Unsurprisingly, HIV prevalence among people who inject drugs started growing rapidly. And by 2013 it had grown from 3.3 percent in 2009 to 27.5 percent. This surge in HIV was extensively documented in 2013 by various European Union agencies and highlighted in numerous reports but there was no money or commitment from the government to invest in re-building the prevention services among people who inject drugs.

In 2014, civil society groups attempted to secure funding from the Global Fund to Fight AIDS, TB and Malaria through an “exceptional NGO rule” that allows HIV funds to go to NGOs from middle income countries, which should be supporting HIV prevention and treatment programs but don’t due to political barriers in spite of epidemiological imperative. The request, however, was denied.
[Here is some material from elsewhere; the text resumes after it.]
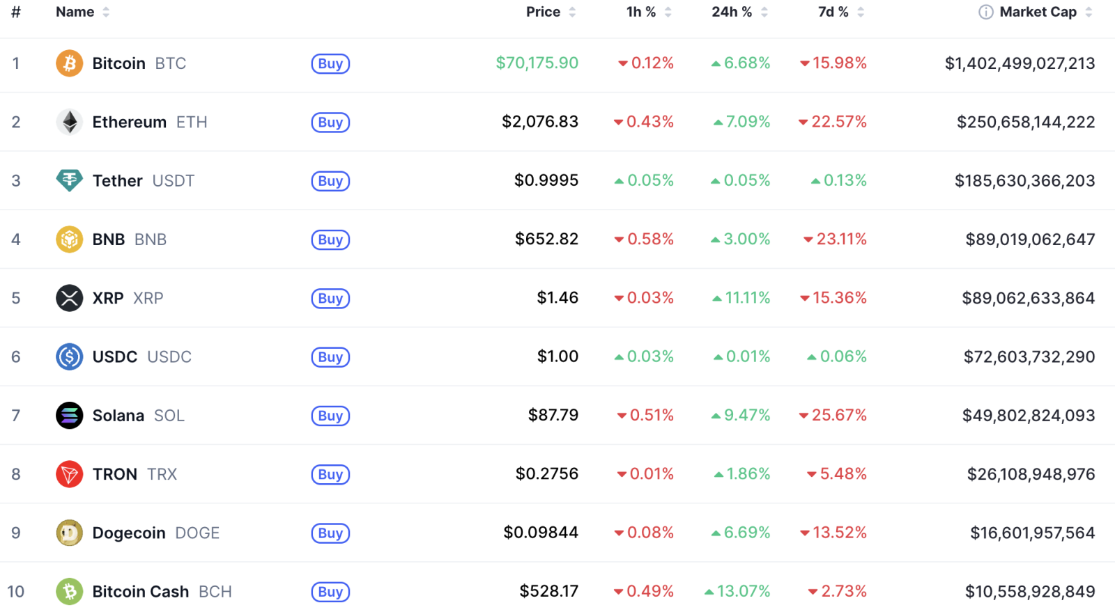 Крипторынок в «зеленой» зоне: биткоин восстановился до $70 000
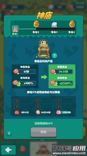 (1)通过奉献动物提升神庙等级,增加所有动物的产量;

In addition to increased HIV rates among populations of people who inject drugs, the prevalence among gay and other men who have sex with men has also increased. In the EU funded study SIALON II, Bucharest recorded the highest HIV prevalence among the 13 cities in study at 18 percent. The country’s official report to the United Nations on the progress of their AIDS response also acknowledges that there are no programs remaining that target men who have sex with men.

The European Union’s support

Romania receives one of the largest amount of the European Union structural support, including funding for reducing social inequalities among and within EU countries. From 2011 to 2014, NGOs applied and received some funds for running social reintegration and testing services for people who use drugs, but at high cost: Receiving funding requires programs to report personal data of all clients to a government agency.

Deja vu across Southern Eastern Europe and later in the East?

The Global Fund to Fight HIV, TB and Malaria has recently shifted its funding to focus on the world’s poorest nations with the highest burdens of disease. Countries like Bosnia-Herzegovina and Macedonia—upper middle-income countries where key populations managed to keep HIV below 5 percent—are no longer eligible for funding and will lose their main source of funding for HIV services for key populations. Bulgaria is another example. The country is finishing its final HIV grant this year and the funding of its HIV programs remains uncertain.

Two countries in the South-Eastern European region—Montenegro and Serbia—experienced an HIV increase among men who have sex with men after the Global Fund’s support for HIV programs ended in 2015 and 2014. Today, the HIV prevalence is high enough to make both countries eligible for funding again.

Being eligible for funding, however, does not guarantee you funding. Romania was allocated zero for HIV in the last allocation cycle of 2014-2016. While the exact allocations won’t be announced until December 15 this year, some are already forecasting that most Eastern Europe, South-Eastern European, and Central Asian countries should expect cuts by at least one third.

Way forward

Non-governmental groups in Romania are pointing to the major gaps in commitments from funders globally to the HIV response—especially the failed plans for transitioning from Global Fund support to national funding in middle-income countries. What Romanian groups expect from the Board of the Global Fund when it meets on 14-15 of November 2016, are answers to the following questions: What do UMICs and MICs do when they’re illegible for funding but there’s no political will to pick up the tab? What do HIV prevention and treatment services do when they are left behind by both donors and governments? How is the Global Fund planning to transition from these countries to ensure key populations don’t get left behind? How to ensure the real use of the NGO rule that was designed to address such exceptional cases likes their – being part of the rich countries but not for key populations, where NGO-run services are left behind by both donors and governments?

These questions and the global call to action is a call for more solidarity within and with the Global Fund, but also in our communities and regions. We need to look for solutions together, and not only for one group or one disease. This call is also to raise the alarm for the European Union and other donors to reconsider rapid transition but also to help facilitate a political dialogue with governments—like Romania—about how to do things right.